◆ Work order:
In the entries that follow, repeat exactly the lines from the one that has "Cat's eye soft" through the one that has "Вот, например, посмотрите", but omit pictures.

◆ Supplied records:
□ □ □ □

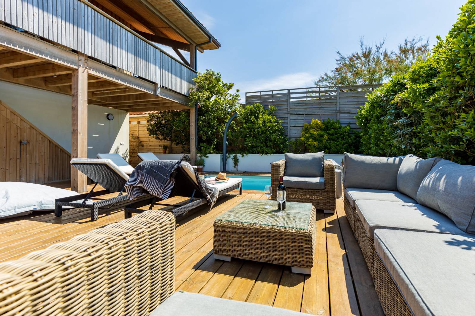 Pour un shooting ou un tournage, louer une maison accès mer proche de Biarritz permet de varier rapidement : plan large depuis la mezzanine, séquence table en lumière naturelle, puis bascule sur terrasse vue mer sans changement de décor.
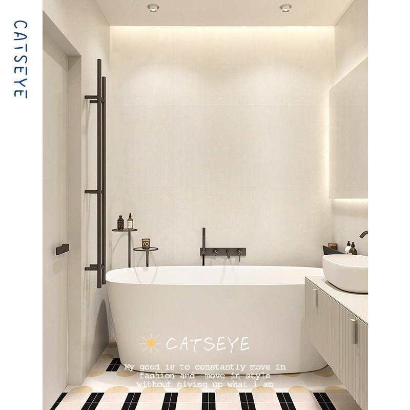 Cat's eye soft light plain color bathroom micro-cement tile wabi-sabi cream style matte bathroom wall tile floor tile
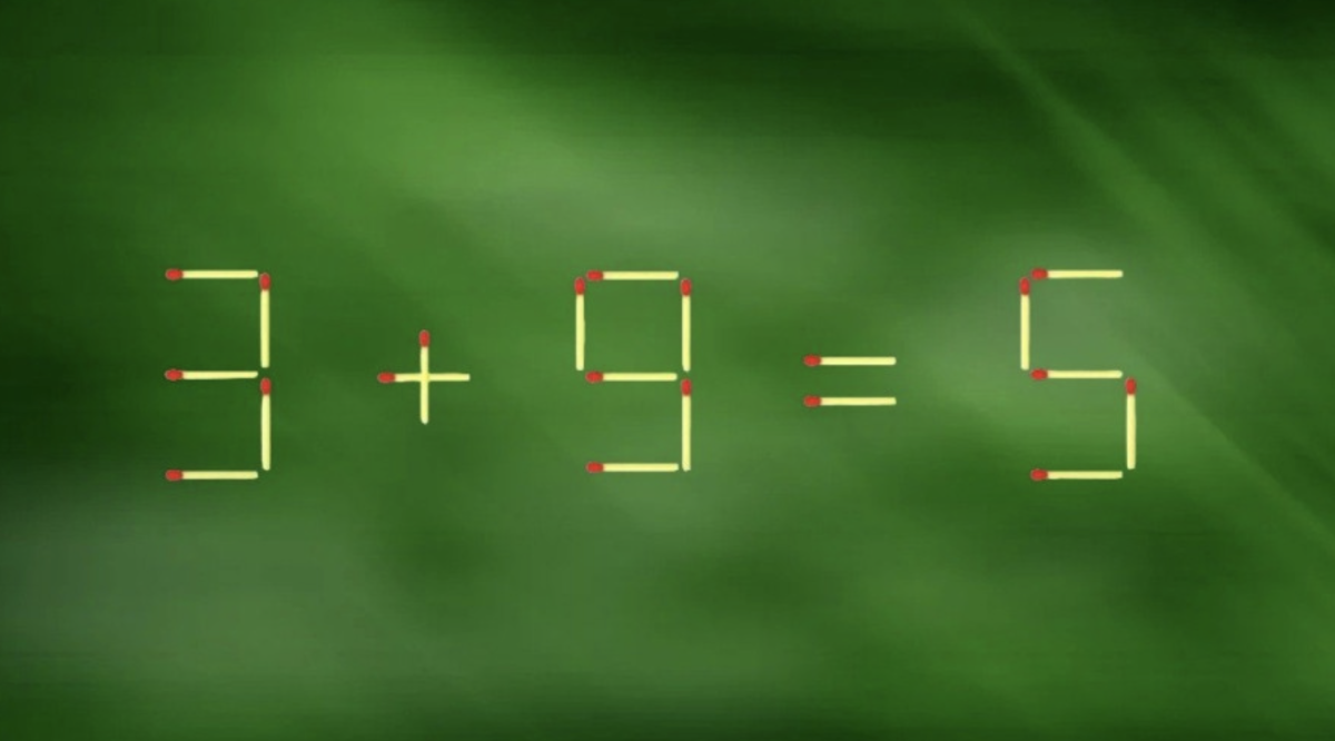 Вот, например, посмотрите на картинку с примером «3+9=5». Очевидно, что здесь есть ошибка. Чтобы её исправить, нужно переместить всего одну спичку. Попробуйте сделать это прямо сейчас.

□ □ □ □

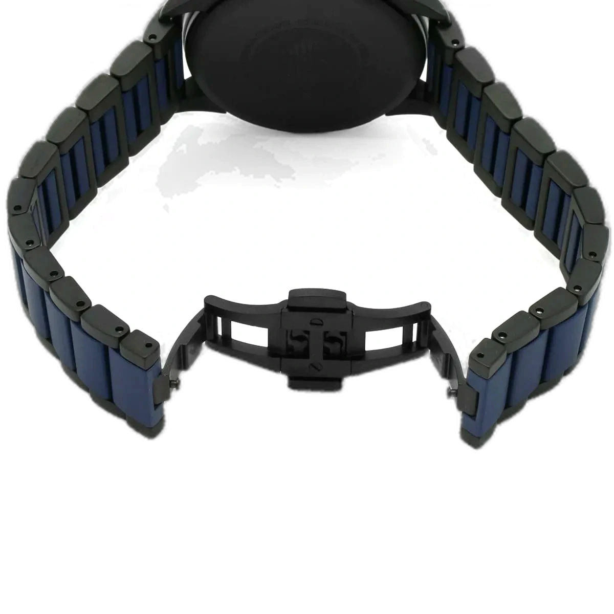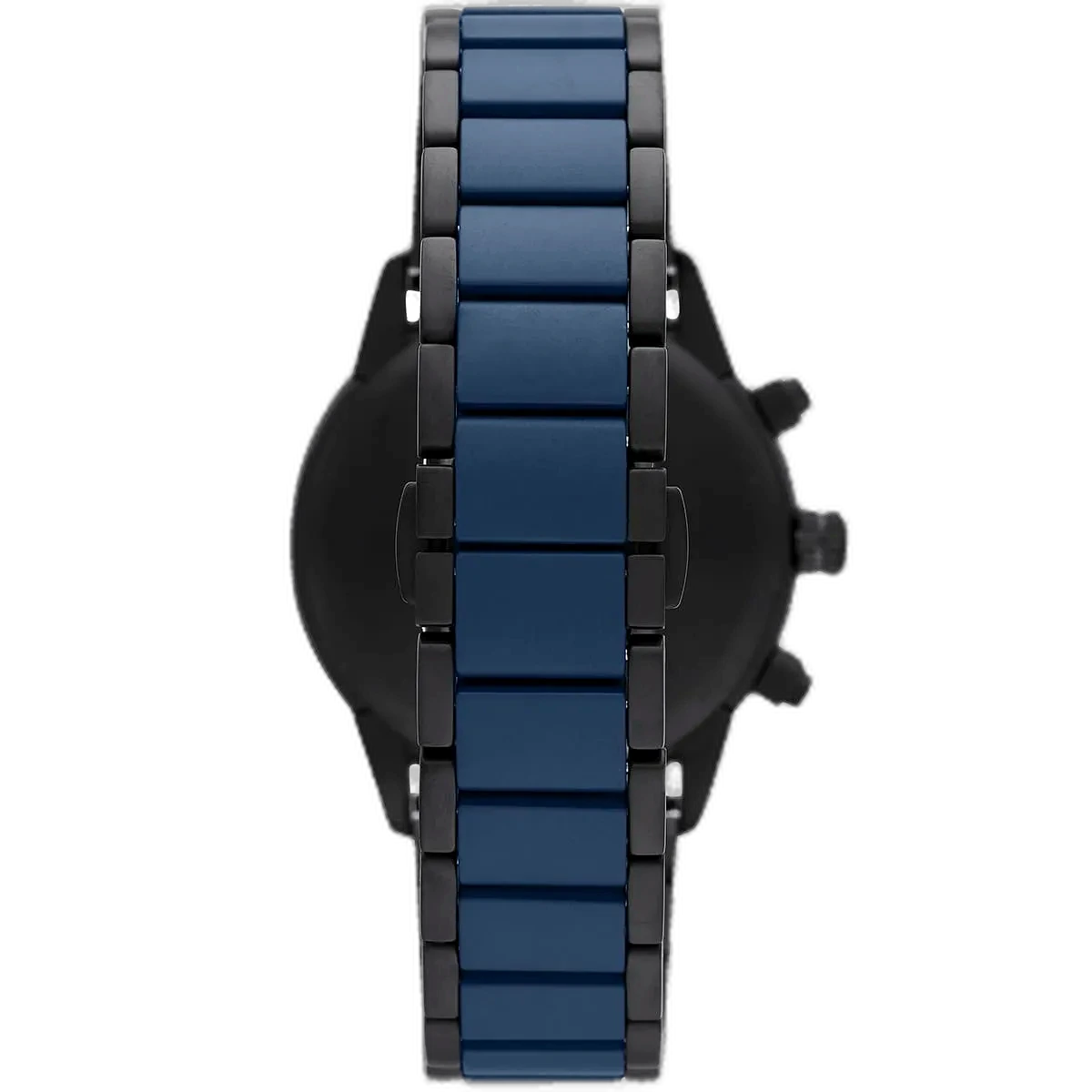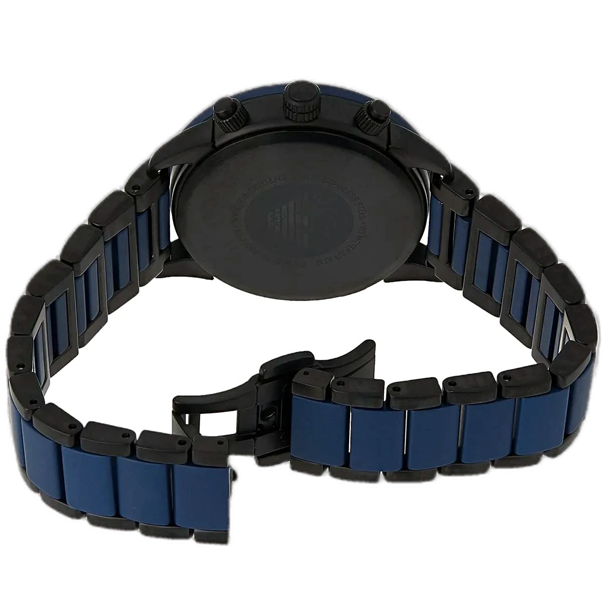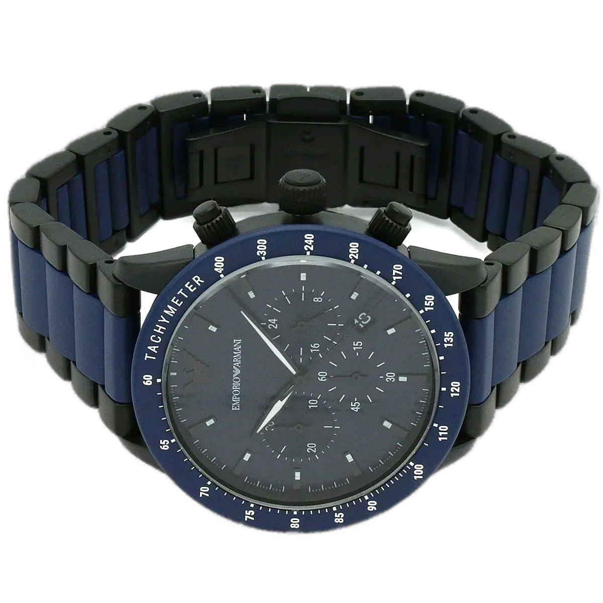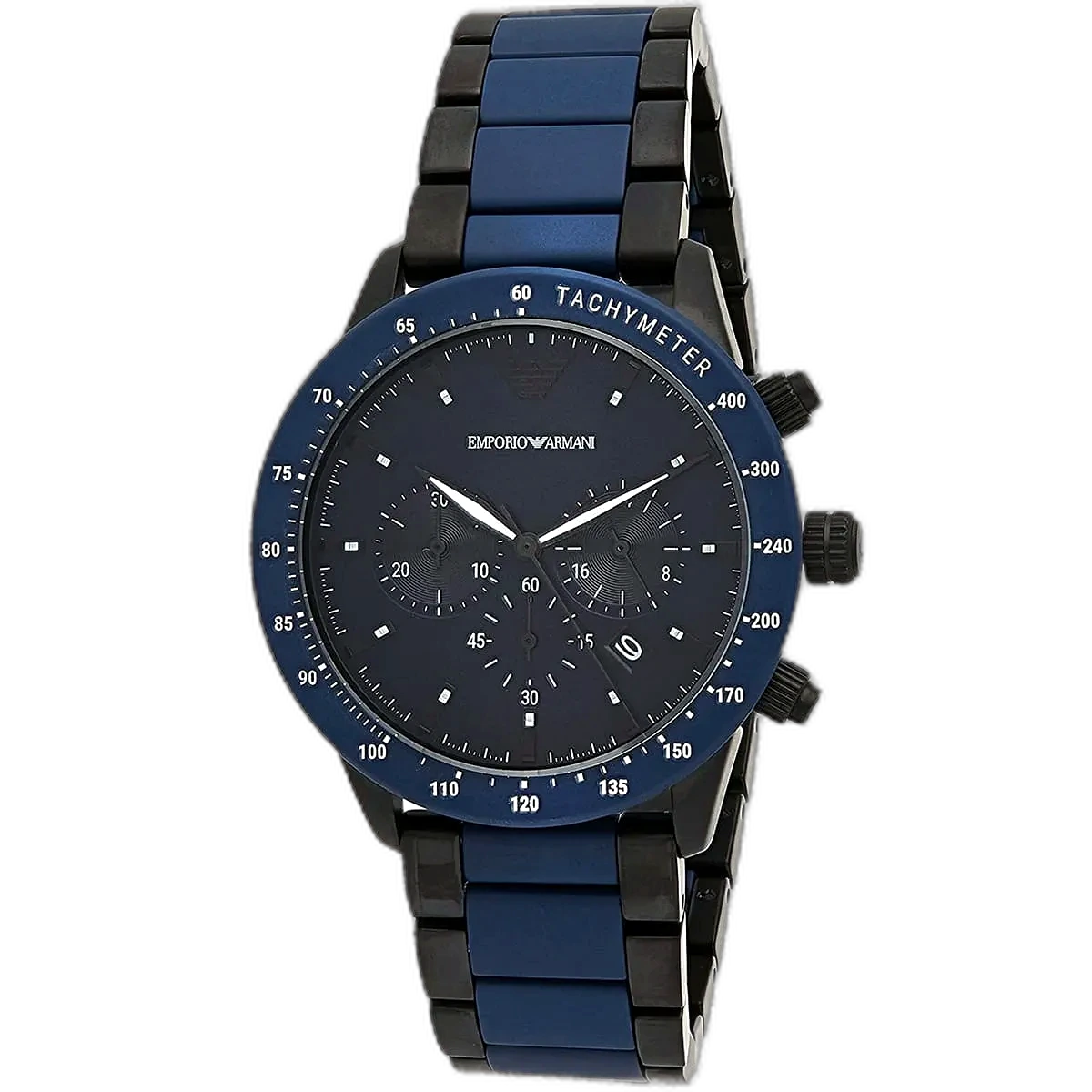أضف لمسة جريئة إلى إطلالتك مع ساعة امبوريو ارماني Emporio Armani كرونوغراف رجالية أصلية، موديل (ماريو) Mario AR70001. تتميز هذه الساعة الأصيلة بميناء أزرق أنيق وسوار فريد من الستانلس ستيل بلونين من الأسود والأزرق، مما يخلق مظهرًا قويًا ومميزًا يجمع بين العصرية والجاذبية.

□ □ □ □

◆ Answer section:
 Cat's eye soft light plain color bathroom micro-cement tile wabi-sabi cream style matte bathroom wall tile floor tile
 Вот, например, посмотрите на картинку с примером «3+9=5». Очевидно, что здесь есть ошибка. Чтобы её исправить, нужно переместить всего одну спичку. Попробуйте сделать это прямо сейчас.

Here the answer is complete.